Confabb: Find, Track and Review Conferences

Confabb is a new service launching today that offers a centralized place to find information about all kinds of conferences. The site offers everything from speaker and event reviews to photos of the events after the fact through integration with Flickr. It’s an impressive full service site that could become the go-to spot for at least tech conference attendees and possibly a wider audience.

Confabb is lead by former PubSub co-founder Salim Ismail, product manager Cameron Barrett (who incidentally built campaign web sites for Wesley Clark and John Kerry) and former AT&T exec and PubSub team member Jon Mandell. Early investors include chronic conference attendee and web innovator Dave Winer.

At launch the site includes details on more than 16,000 conferences and anyone can fill out a form to submit other events for consideration. Confabb calls itself the largest conference database in the world. It’s a very well put together site; there are both standard categories and tags, integration of off-site resources, reputation management, user watch pages to track a number of events, a badge generator to post conference logos on your blog and iCal export of your conference list. Attendees and watchers can list themselves for public display.

Confabb plans on rolling out a number of new features over the next two to three months, including integration with more calendar programs, video and podcast listings, web based chat rooms per conference and per session and both native and integrated RSVP capabilities. It’s an ambitious road map, but most of these features look like tech industry best practices brought together into one place at a time when at least our sector is finally widely familiar with them.

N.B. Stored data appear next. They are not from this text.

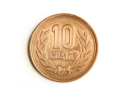 Japanese 10 Yen coin isolated on white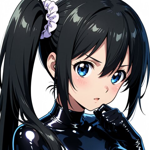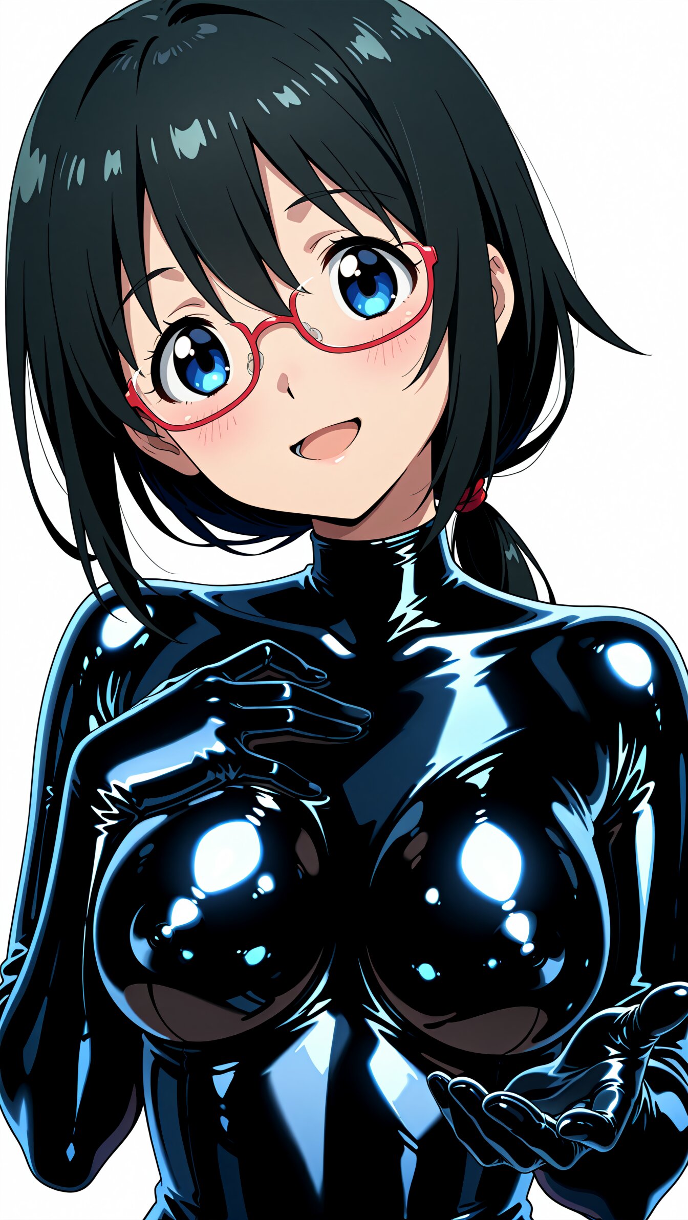 <lora:MeMax6-noob-vpred:1>,memaxl6_a,memaxl6_b,memaxl6_c,memaxl6_d,memaxl6_e, (10's anime style:1.2), Full HD,32K, 1girl, solo, (from front, pov, upper body, ), looking at viewer, open mouth, smile, (beckoning, hand on own chest), head tilt, medium breasts, (teenage :1.3), (blue eyes), long hair, (long low ponytail:2.0), sideburns, hair between eyes, (((tareme))), (black hair), (beautiful hair), (shiny hair), (medium breasts), slender, blush, black hair tie, red-framed eyewear, square-framed eyewear, shiny clothes:1.8, ((((((black latex bodysuit:1.4)))))), ((black latex clothes:2.0)), (((skin tight))) ,(((tight clothes))), ((((seamless clothes)))):2.0, ((((((((shiny black latex bodysuit, shiny clothes, )))))))), ((black latex gloves)),((((no zippers)))), (covered nipples:1.6), erectile nipples, (simple background:2.0, white background:2.0) masterpiece, best quality, super fine illustration, very aesthetic, newest, hyper detailed, intricate, beautiful, aesthetic, highly decorative, HDR, yume kawaii, ,anime screencap,anime,no gradients, 2D flat design, bold outlines,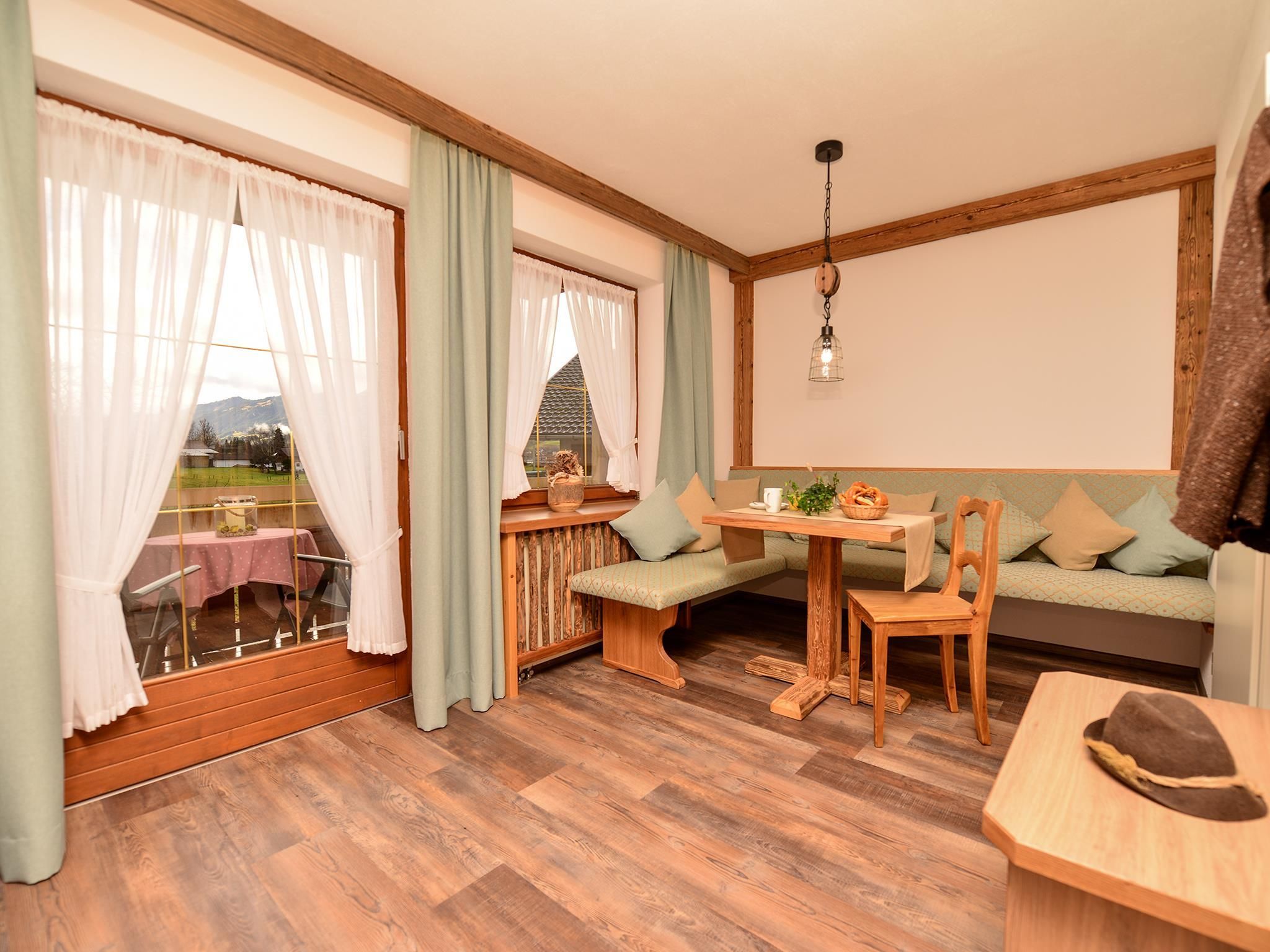 Die gemütliche Ferienwohnung ist im modernen, alpenländischen Stil mit viel Liebe zum Detail ausgestattet. Geniessen Sie auf dem Südbalkon den herrlichen Blick in die Oberallgäuer Bergwelt. Das Tageslichtbad ist komplett mit Fön und Kosmetikspiegel ausgestattet zudem sind Kosmetikartikel vorhanden. Die Küche verfügt über Mikrowelle , 2-Platten-Herd und Geschirrspüler.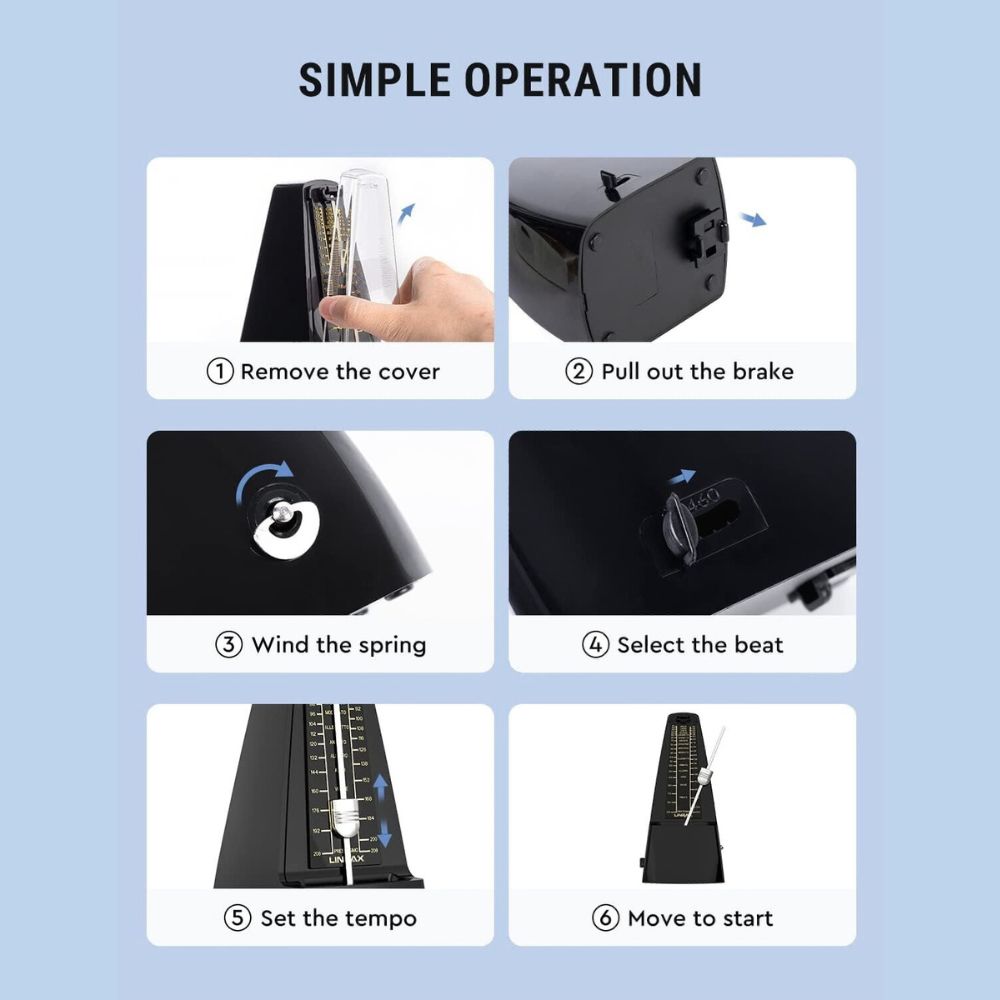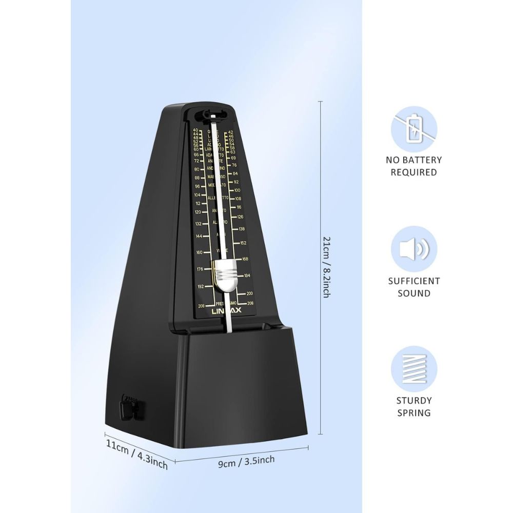 Squisita struttura meccanica. Adottando una dettagliata struttura a molla, il metronomo fornisce ritmi e battiti precisi senza bisogno di batterie. Basta impostarlo manualmente e iniziare ad esercitarsi. Resistente e rispettoso dell’ambiente.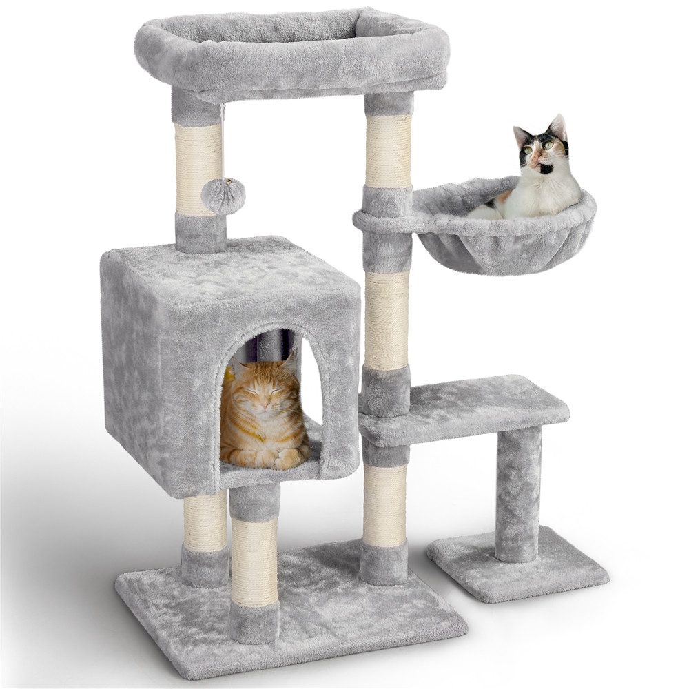 Wie verbringen Ihre Katzen den ganzen Tag? Sie erkunden ihr Revier, klettern auf und ab, wetzen ihre Krallen und verbringen dann lange Zeit in der Sonne. All dieser Tätigkeiten können mit diesem Kratzbaum erledigt werden.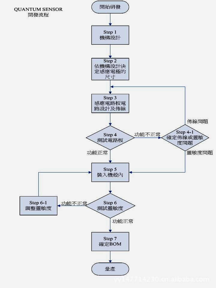 使用電容式感應的IC設計感應開關電路板與其它電路的開發流程略有不同,因為電容式開關的設計上會受到機構與其它電路設計上的影響,會有比較多的調整程序,所以需要一個比較復雜的開發流程,現就以出道較早且具有代表性的“Quantum ”產品的開發流程及要點介紹給大家,希望對需要的朋友有所幫助。下圖是開發流程圖: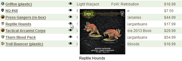 Aside from the filler information about model type and count, which book it’s from, and the MSRP, I’ve also set up a quick icon you can hover over that brings up a thumbnail preview of the model:

Will Confabb be able to gain traction outside the Web 2.0 world? If attendees of events like the All Asian Food Expo and the Second International Doris Lessing Conference start using Confabb then the events world could really be shaken up. Building use of the system outside the community most prepared for it will take a concerted effort and probably some changes to suit the cultures of other conference communities.

There are a few technical things that Confabb could still use. RSS feeds for events by categories are needed badly. Microformats are being considered, the company says, and would help demonstrate that Confabb is a community participant more than trying to be an exclusive destination site. The integration with off site resources is great, I’d like to see Mary Hodder’s Speakers Wiki, a wiki intended to help diversify conference speaker lists, drawn from as well. Map and attendee tag features as was explored by the service Attendr could be interesting too.

It’s high time someone took the best practices from across the web that conference attendees and support sites have been developing. It’s great that Confabb is bringing many different services together and aggregating them. The project should get a lot of support and I expect that at least the web world, if not the larger conference world, will be using Confabb quite a bit.